[ASSIGNMENT] Every line below needs to be transcribed without alteration, and no image may be carried over.

[THE DATA]
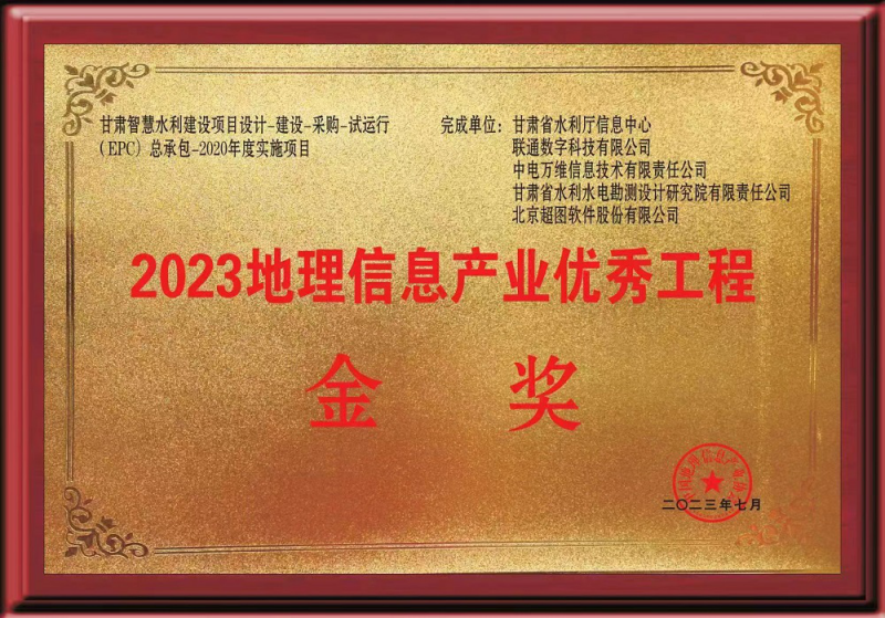 近日,第一届中国测绘地理信息大会在浙江召开。由省水利厅实施、省水电设计院参与完成的“甘肃智慧水利建设项目设计-建设-采购-试运行(EPC)总承包-2020年度实施项目”荣获2023中国地理信息产业优秀工程金奖。
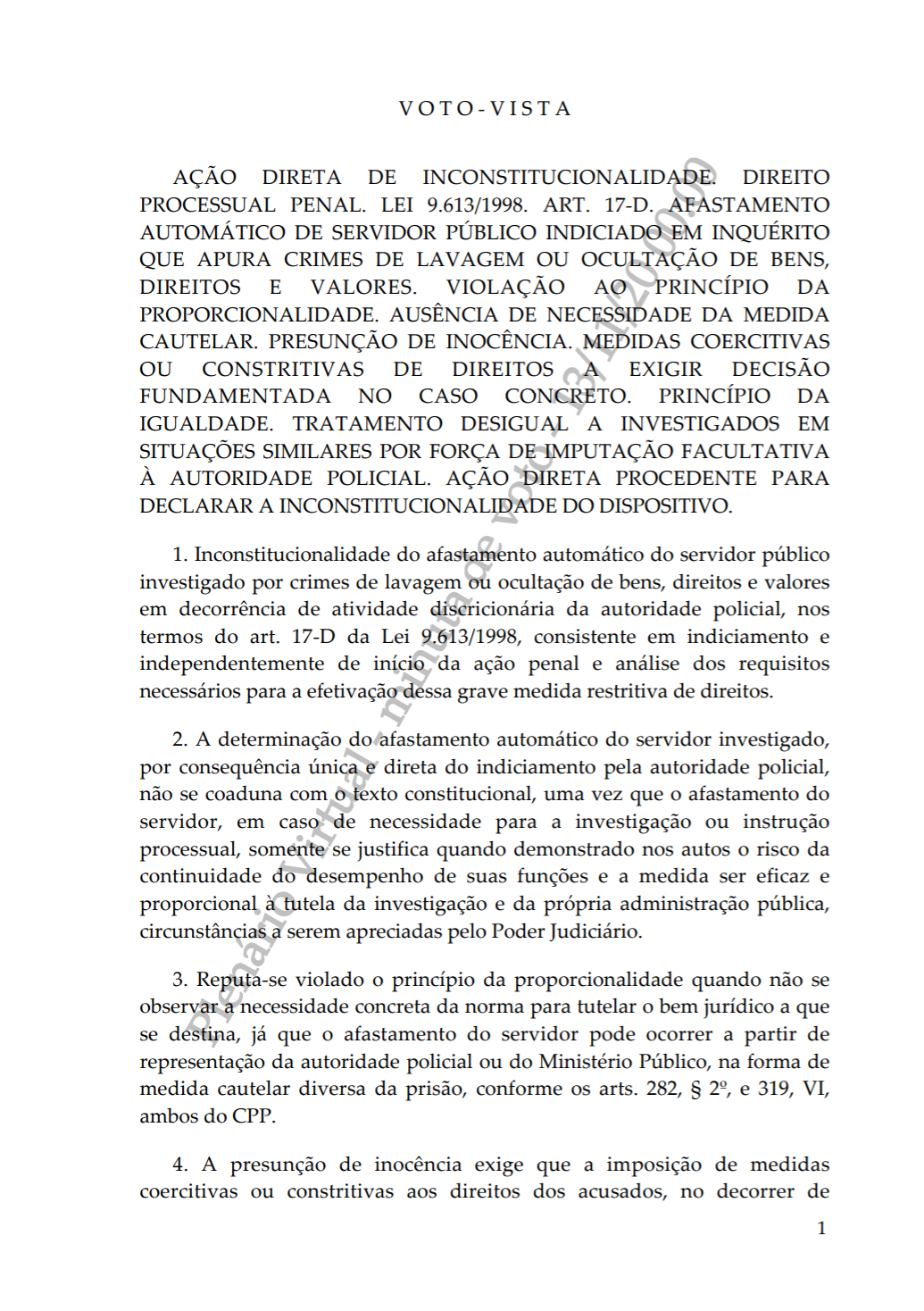 Por maioria, o Plenário do STF julgou inconstitucional o art. 17-D da Lei de Lavagem de Dinheiro que determina o afastamento de servidores públicos em caso de indiciamento de crimes de lavagem de dinheiro ou ocultação de bens. ⠀ ⠀⠀
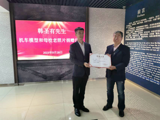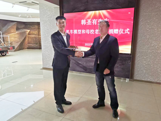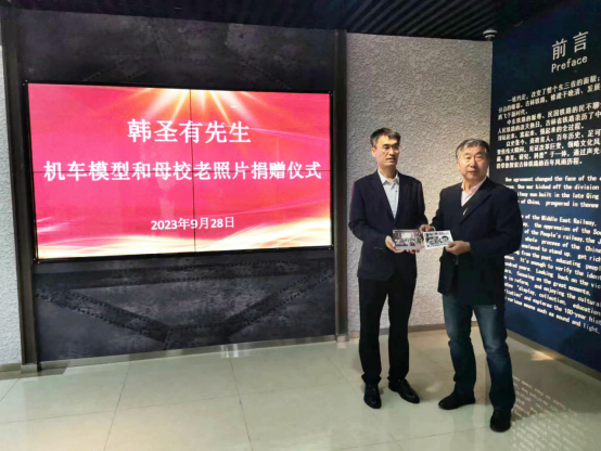 9月28日,吉林铁路博物馆举行了一场特殊的捐赠仪式,我校1972届校友韩圣有向学校捐赠机车模型和母校老照片。学校副校长马卫强,图文信息中心主任李艳杰,产教融合研究院副院长梁晨露及图文信息中心全体人员参加了捐赠仪式,捐赠仪式由图文信息中心主任李艳杰主持。
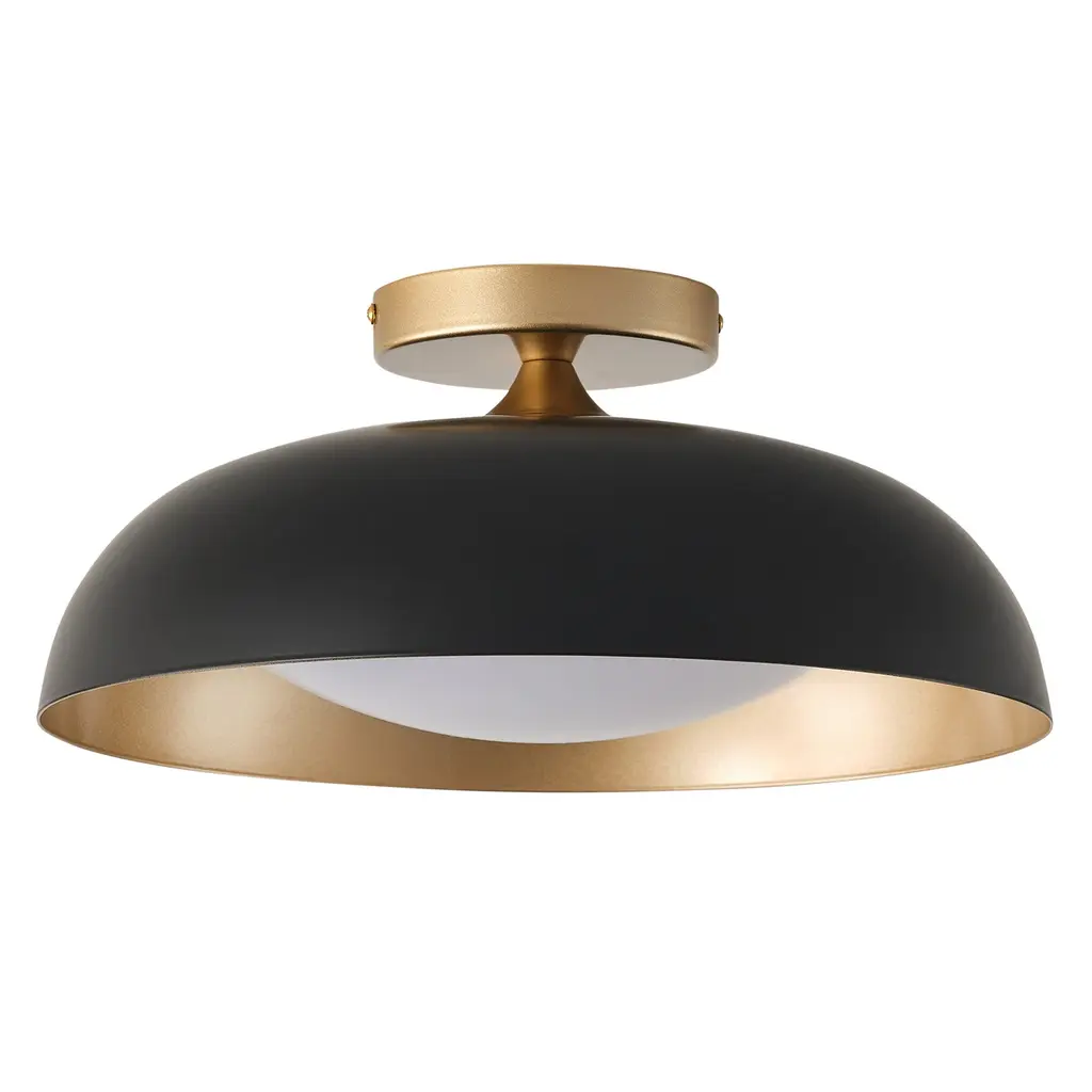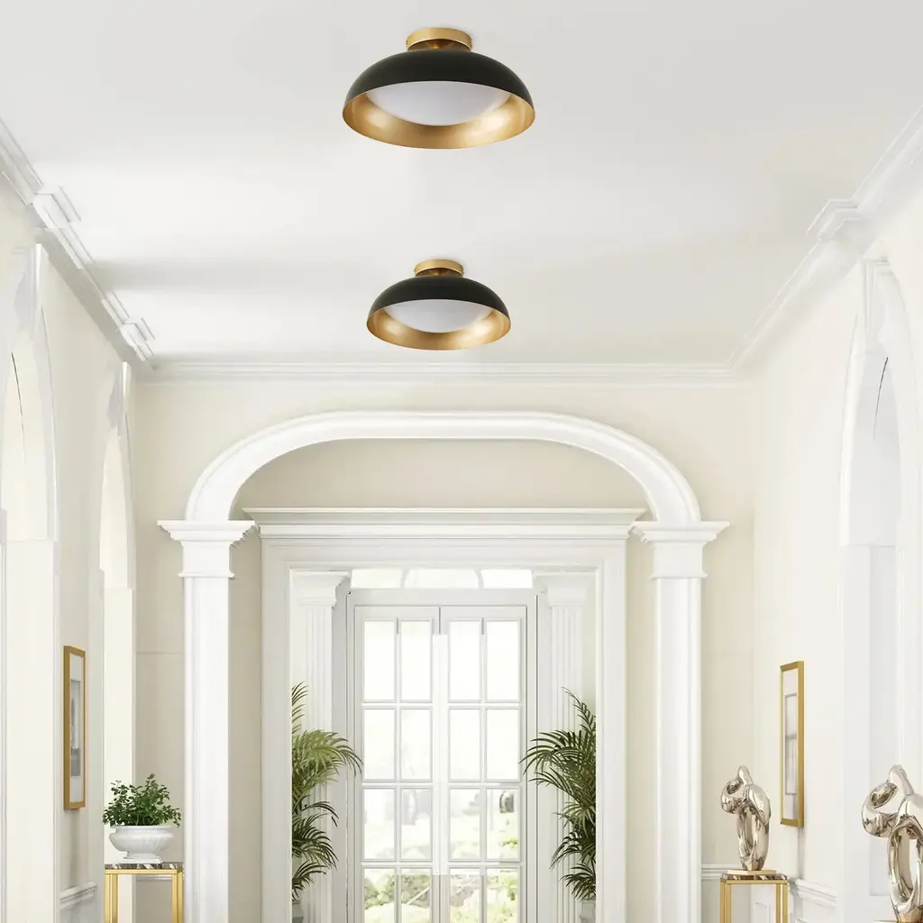 Modern Matte Black Semi Flush Mount Ceiling Light For Hallway Stairway Foyer - 14.96"
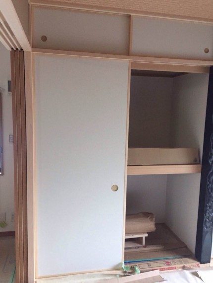 天井いっぱいまで収納できるように鴨居(かもい)上にも敷居(しきい)があり、襖(ふすま)を設置いたしました
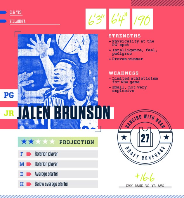 Bug: Most draft pundits have the reigning College Player of the Year ranked as a late first, early second round pick in this year’s draft. On our initial big board, I had Jalen Brunson ranked 15 spots higher than anyone else in our crew at 14th overall. The combination of a weak point guard class and the positional importance of having a quality starting and backup point guard in today’s NBA boost Brunson’s value. The draft is loaded with average wings this year, so I ranked Bruson higher based on the supply and demand of quality point guards. There are some obvious physical limitations to his game. He’s a below-the-rim player that doesn’t overwhelm opponents with athletic dominance or size. Brunson may find it to be tough sledding at times on both ends against top-level point guards, but you can say the same about every point guard in this year’s class. Despite those limitations, he’s always found a way to overcome and win games. Dating back to his senior year in high school, Brunson has won three titles in his last four years of competitive basketball, compiling a 133-16 record in that span. Winning is definitely a skill when assessing point guards.  In addition to winning big at each level he has played, he grew up around the NBA as the son of former NBA player Rick Brunson. Having a father that played in the NBA teach you the game is a huge advantage coming up in your developmental years. Brunson has a nice handle, and always plays within himself on the court. He knows exactly what his strengths are and doesn’t try to do more than he is capable of doing. He has a sturdy 6’2”, 200-lb frame, a high basketball IQ, and uses his body well to play the angles to get to his spots. The Villanova product also sports a smooth lefty stroke from deep at a 40% clip on more than 200 attempts. Brunson is somewhat of a throwback that gets compared to Mark Jackson quite a bit due to his highly advanced post game (for a PG), but he doesn’t have the elite vision of Jackson as a playmaker. There were many Villanova games this past season where Brunson was the best post player on the floor for either team, but there won’t be many nights in the NBA where he’s going to have the size or strength to utilize that skill very often. On the defensive end, Brunson has a Chris Paul-like competitiveness to him. He plays physical defense and is somewhat of a pest. I believe Brunson ends up being a steal if he goes where he is slotted late in the first round. He’ll most likely settle in as a high-end backup/fringe starting point guard that ends up having a lengthy pro career. The flashy highlights and freakish combine measurables are great, but wins are what keeps coaches and GMs from getting fired.
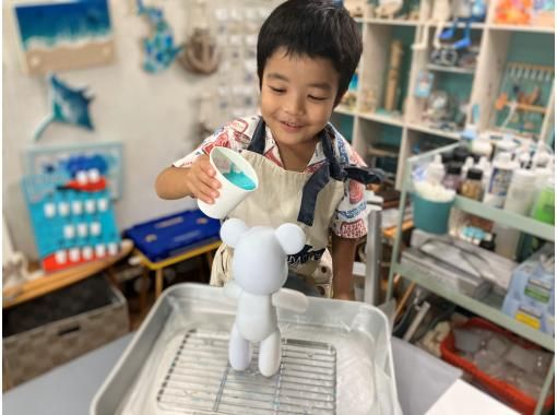 ポーリングベアーとは、液状にしたアクリル絵の具をフィギュアの上から流し、マーブル模様などの様々な色彩表現を生み出しながらオリジナルベアーを作成のことです。

[EXERCISE RESULT]
 近日,第一届中国测绘地理信息大会在浙江召开。由省水利厅实施、省水电设计院参与完成的“甘肃智慧水利建设项目设计-建设-采购-试运行(EPC)总承包-2020年度实施项目”荣获2023中国地理信息产业优秀工程金奖。
 Por maioria, o Plenário do STF julgou inconstitucional o art. 17-D da Lei de Lavagem de Dinheiro que determina o afastamento de servidores públicos em caso de indiciamento de crimes de lavagem de dinheiro ou ocultação de bens. ⠀ ⠀⠀
 9月28日,吉林铁路博物馆举行了一场特殊的捐赠仪式,我校1972届校友韩圣有向学校捐赠机车模型和母校老照片。学校副校长马卫强,图文信息中心主任李艳杰,产教融合研究院副院长梁晨露及图文信息中心全体人员参加了捐赠仪式,捐赠仪式由图文信息中心主任李艳杰主持。
 Modern Matte Black Semi Flush Mount Ceiling Light For Hallway Stairway Foyer - 14.96"
 天井いっぱいまで収納できるように鴨居(かもい)上にも敷居(しきい)があり、襖(ふすま)を設置いたしました
 Bug: Most draft pundits have the reigning College Player of the Year ranked as a late first, early second round pick in this year’s draft. On our initial big board, I had Jalen Brunson ranked 15 spots higher than anyone else in our crew at 14th overall. The combination of a weak point guard class and the positional importance of having a quality starting and backup point guard in today’s NBA boost Brunson’s value. The draft is loaded with average wings this year, so I ranked Bruson higher based on the supply and demand of quality point guards. There are some obvious physical limitations to his game. He’s a below-the-rim player that doesn’t overwhelm opponents with athletic dominance or size. Brunson may find it to be tough sledding at times on both ends against top-level point guards, but you can say the same about every point guard in this year’s class. Despite those limitations, he’s always found a way to overcome and win games. Dating back to his senior year in high school, Brunson has won three titles in his last four years of competitive basketball, compiling a 133-16 record in that span. Winning is definitely a skill when assessing point guards.  In addition to winning big at each level he has played, he grew up around the NBA as the son of former NBA player Rick Brunson. Having a father that played in the NBA teach you the game is a huge advantage coming up in your developmental years. Brunson has a nice handle, and always plays within himself on the court. He knows exactly what his strengths are and doesn’t try to do more than he is capable of doing. He has a sturdy 6’2”, 200-lb frame, a high basketball IQ, and uses his body well to play the angles to get to his spots. The Villanova product also sports a smooth lefty stroke from deep at a 40% clip on more than 200 attempts. Brunson is somewhat of a throwback that gets compared to Mark Jackson quite a bit due to his highly advanced post game (for a PG), but he doesn’t have the elite vision of Jackson as a playmaker. There were many Villanova games this past season where Brunson was the best post player on the floor for either team, but there won’t be many nights in the NBA where he’s going to have the size or strength to utilize that skill very often. On the defensive end, Brunson has a Chris Paul-like competitiveness to him. He plays physical defense and is somewhat of a pest. I believe Brunson ends up being a steal if he goes where he is slotted late in the first round. He’ll most likely settle in as a high-end backup/fringe starting point guard that ends up having a lengthy pro career. The flashy highlights and freakish combine measurables are great, but wins are what keeps coaches and GMs from getting fired.
 ポーリングベアーとは、液状にしたアクリル絵の具をフィギュアの上から流し、マーブル模様などの様々な色彩表現を生み出しながらオリジナルベアーを作成のことです。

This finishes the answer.